During the year, the tapes recorded by The Beatles were assembled and prepared as an album twice, one by George Martin and later by Glyn John. Both versions were ultimately rejected by The Beatles, although the Johns version came very close to being released. It is, in fact, included in its entirety in this box set. The tapes sat on a shelf while The Beatles went on to record Abbey Road. Finally Phil Spector was given the tapes and he reproduced the material for release in what became Let It Be. Ever since the album was released, fans have been divided over the album. I think it contains some of their finest material, while others see it as their weakest album. Certainly as their last album, it was not what fans expected or hoped as a final album. Especially following Abbey Road (which was recorded after Let It Be, but released before it), which was and is held in such high regard.

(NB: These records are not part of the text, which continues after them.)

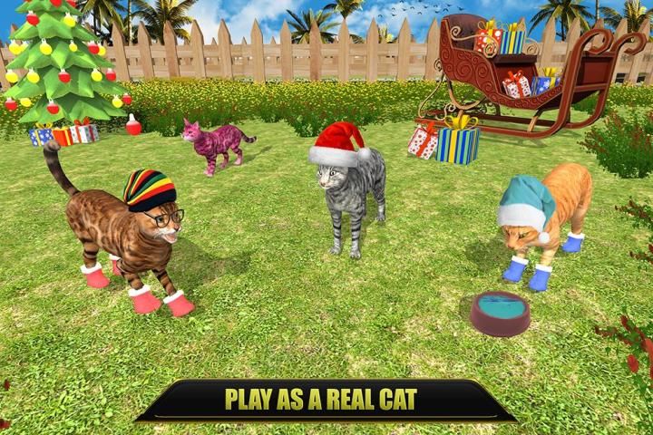 for all cat games fans. If you love the family pets, then get ready to play as a cute cat inside the beautiful house and in the town for some kitty adventures. Pick your favorite cat breed to start the exciting quests in this animal simulator. Be a dominant stray kitten to smash the kitchen objects, mess the food items, hit footballs, and gift packs to earn coins. Your task is to destroy everything in your way to complete the interesting yet challenge cat missions. Collect the food and Christmas gifts to earn coins and to buy favorite new cats breed. Buy new accessories like Christmas hats and socks to upgrade your kitty cat. Hunt the stray mice, fight with the angry dogs, and other animals to survive in the big realistic city to improve your hunting skills. Cat family simulator is unique among
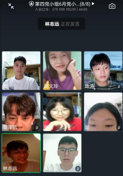 2020年6⽉28⽇晚上21:00,William威廉官网学生第四党支部第四党小组全体成员在钉钉会议平台上由胡文玲同志带领大家一起以线上的方式开展党小组会议
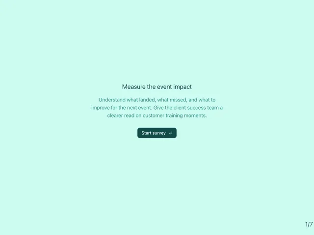 A survey for the client success team to run events around customer training workflows. Measure satisfaction, clarity, and follow-up interest after a live or virtual event.
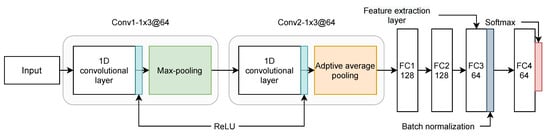 At this stage, the main objective is to learn meaningful representations from the raw data, which helps maximize the overall framework’s recognition accuracy. After the learning phase using the CNN model, the feature selection algorithm is used to filter the extracted features by selecting the most important features only that maximize the classification accuracy. The CNNs are characterized by a core ability that shares weights between multiple layers to minimize the model complexity [49]. The proposed CNN architecture is illustrated in Figure 2, and it is composed of the following layers: (2) Convolutional layers (Conv), (2) Pooling layers, and (4) Fully connected layers (FC). The full network can be summarized as where: (1) Conv1 is the first convolutional layer with 64 filters, kernel of size 3, stride of size 1. Conv1 uses the rectified linear unit (ReLU) [50] as a non-linear function followed by a dropout regularization with a rate equal to 0.5 and a max-pooling operation of size 2, (2) Conv2 is the second convolutional layer similar to Conv1 with the only difference is the usage of an adaptive average pooling layer [51] instead of max-pooling, (3) FC1, FC2, and FC3 are fully connected layer having 128, 128 and 64 neurons, respectively. FC1, FC2, and FC3 are used as feature extraction layers to output the learned features from the raw input, (4) BN stands for batch normalization operation, and (4) FC4 is the final FC layer to output the classification predictions.
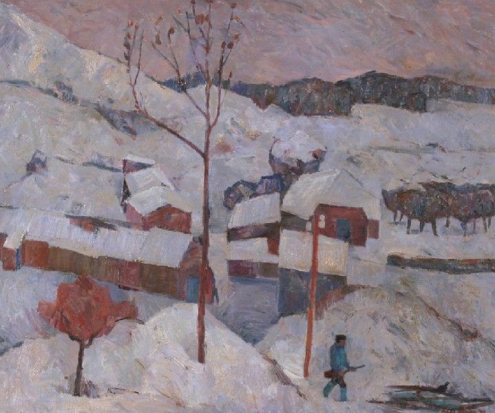 Winters dorpsgezicht in de bergen, op de voorgrond een jager
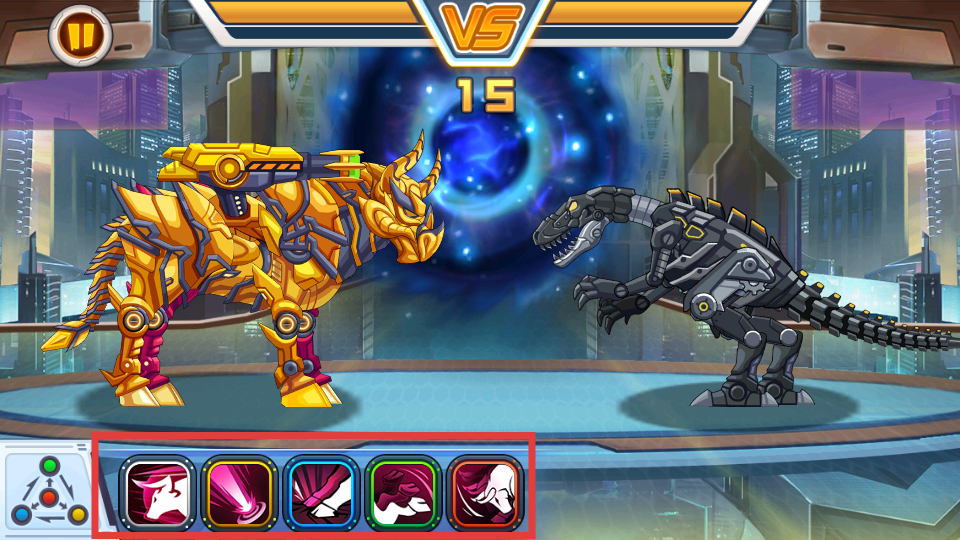 2、进入战斗后,选择下方的技能按钮,瞄准敌方机甲发起进攻,释放技能造成伤害。
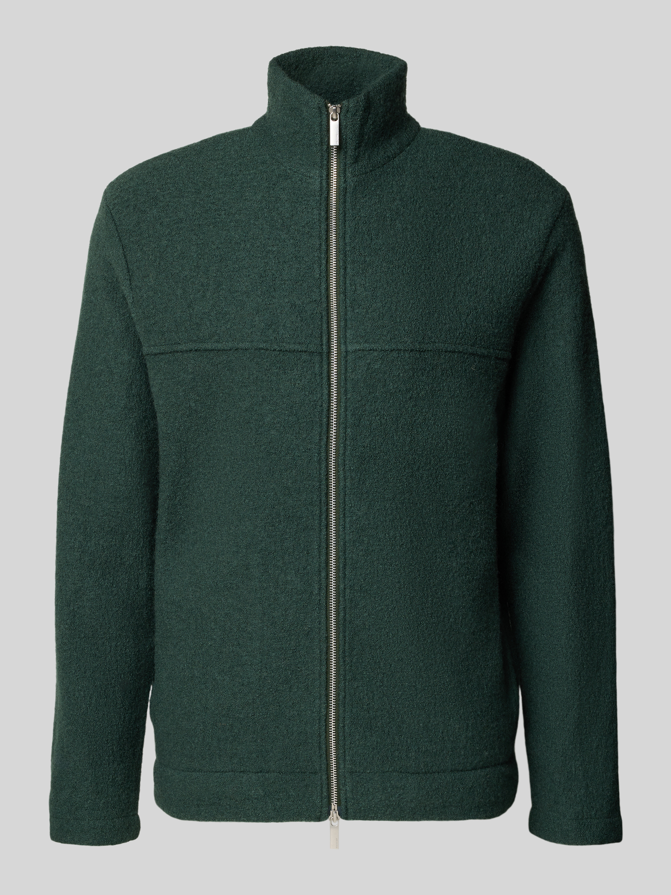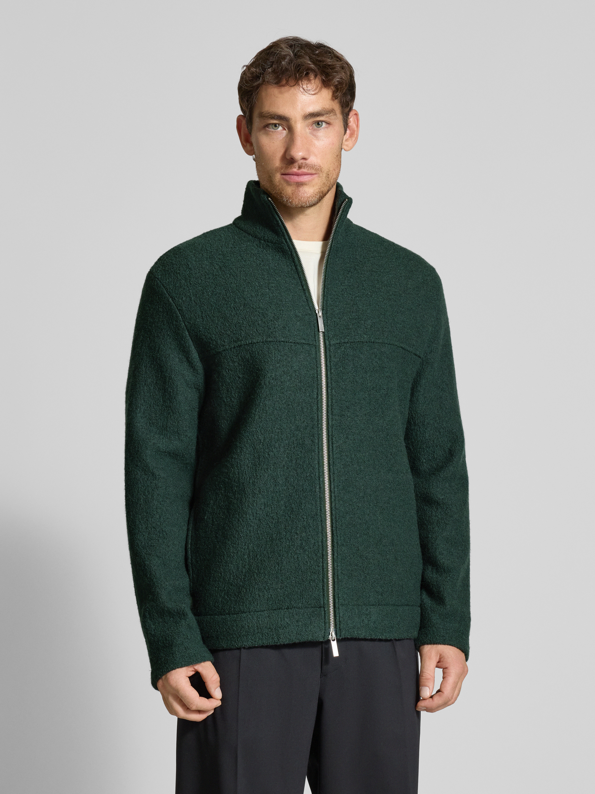 Regular fit cardigan van zuivere wollen bouclé, model 'NEALY' in donkergroen
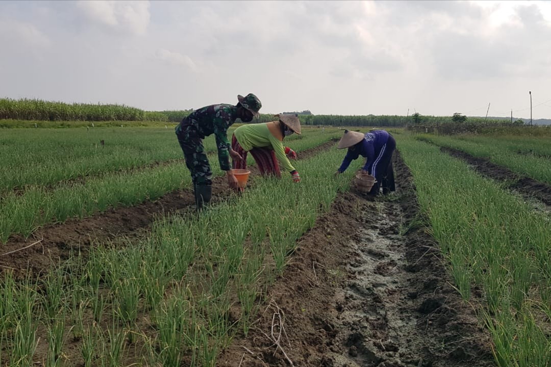Serda Sukarji anggota Satgas TMMD Reguler ke-111 Kodim 0718/Pati yang ikut membantu Sukatmi (46) dan Jumiati (38) warga setempat dalam bekerja membersihkan daun bawang kering. Mereka terlihat akrab sembari berbincang-bincang terkait pengalaman menjadi buruh tani yang merawat tanaman bawang merah, Kamis (01/7/2021).
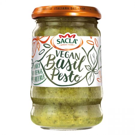 6 x 190g jarFree-from dairy, wheat, and gluten, but still full of flavour. Just like Sacla Classic Basil Pesto, this recipe has that authentic taste and texture. Instead of removing ingredients, they’ve used our expertise to find the ideal swap. In this case, tofu. Free From Vegan Basil Pesto is packed with goodness too.

This box set goes deep into the material recorded in the studio, from which much of Let It Be is composed, albeit in very altered form. Phil Spector rejected the idea of The Beatles going back to their roots and created a wall of sound. Giles Martin has remixed and remastered the Spector version and he has done a fine job. Voices and the original instruments are brought forward and much of Spector’s orchestras and choirs are reduced in Martin’s mix. This is clearly evident in “The Long And Winding Road”, which McCartney disliked. Here, McCartney’s voice and piano are brought forward and the song sounds majestic. “Across The Universe” benefits from Martin’s remix as Lennon’s voice sounds clear as does the guitar. “I Me Mine” is also salvaged and has never sounded so bright and powerful. From the opening guitar of “Two Of Us”, these songs have never sounded so good.
Also included in the box set are outtakes, rehearsals, jams, and previously unreleased songs, such as “The Walk”. The jams and rehearsals are fun and informative as well. For example, it is a treat hearing Harrison sing “Wake Up Little Susie” as he goes into take 11 of “I Me Mine”. An early version of “Dig It” (here titled “Can You Dig It?”) sounds fantastic to hear and discovering “The Walk” is almost worth the price of admission alone. The “Oh Darling” jam is breathtaking, while Ringo Starr gets to showcase a song he is working on (“Octopus’s Garden”), with George offering some assistance.

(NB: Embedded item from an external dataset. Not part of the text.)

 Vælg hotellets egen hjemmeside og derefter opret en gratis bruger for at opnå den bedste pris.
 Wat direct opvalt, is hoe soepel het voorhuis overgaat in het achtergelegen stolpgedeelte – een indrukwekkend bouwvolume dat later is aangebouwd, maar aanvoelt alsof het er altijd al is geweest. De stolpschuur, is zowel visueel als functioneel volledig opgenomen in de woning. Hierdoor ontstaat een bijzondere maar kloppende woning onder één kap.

As noted, Glyn Johns’ original mix is found here in the set. His version of Let It Be was more faithful to the original idea, of The Beatles stripped down. “Don’t Let Me Down” has never sounded more earnest and the jam sessions edited together here work perfectly. Clearly, although they were breaking up, The Beatles were still having some fun, just listen to “Maggie Mae”.
Disc five is a short EP featuring songs that did not seem to fit elsewhere, such as Martin’s remixes of the single versions of “Don’t Let me Down” and “Let It Be”, plus two previously unreleased Johns remixes of “Across The Universe” and “I Me Mine”, which must be heard to be believed. There is a Blu-ray disc of Let It Be mixed in 5.1, and it sounds glorious.
Add to the music a beautiful package, including an informative hardcover book, with previously unseen photos and you have an incredible box set. I remember getting the original box set in 1970 with a book as well. This book is much better and does not fall apart as soon as you open it.
The Beatles and company have done it once again. This set is as good as any of the previous box sets and perhaps the best way to end the series. Some may be upset that the rooftop concert is not included, and some may be even questioning other absences, but forget what’s not there and enjoy what is available to enjoy. There is a lot in this set and well worth the time and effort in listening. Perhaps this allows a rethink of Let It Be, and it can be enjoyed as the classic it is.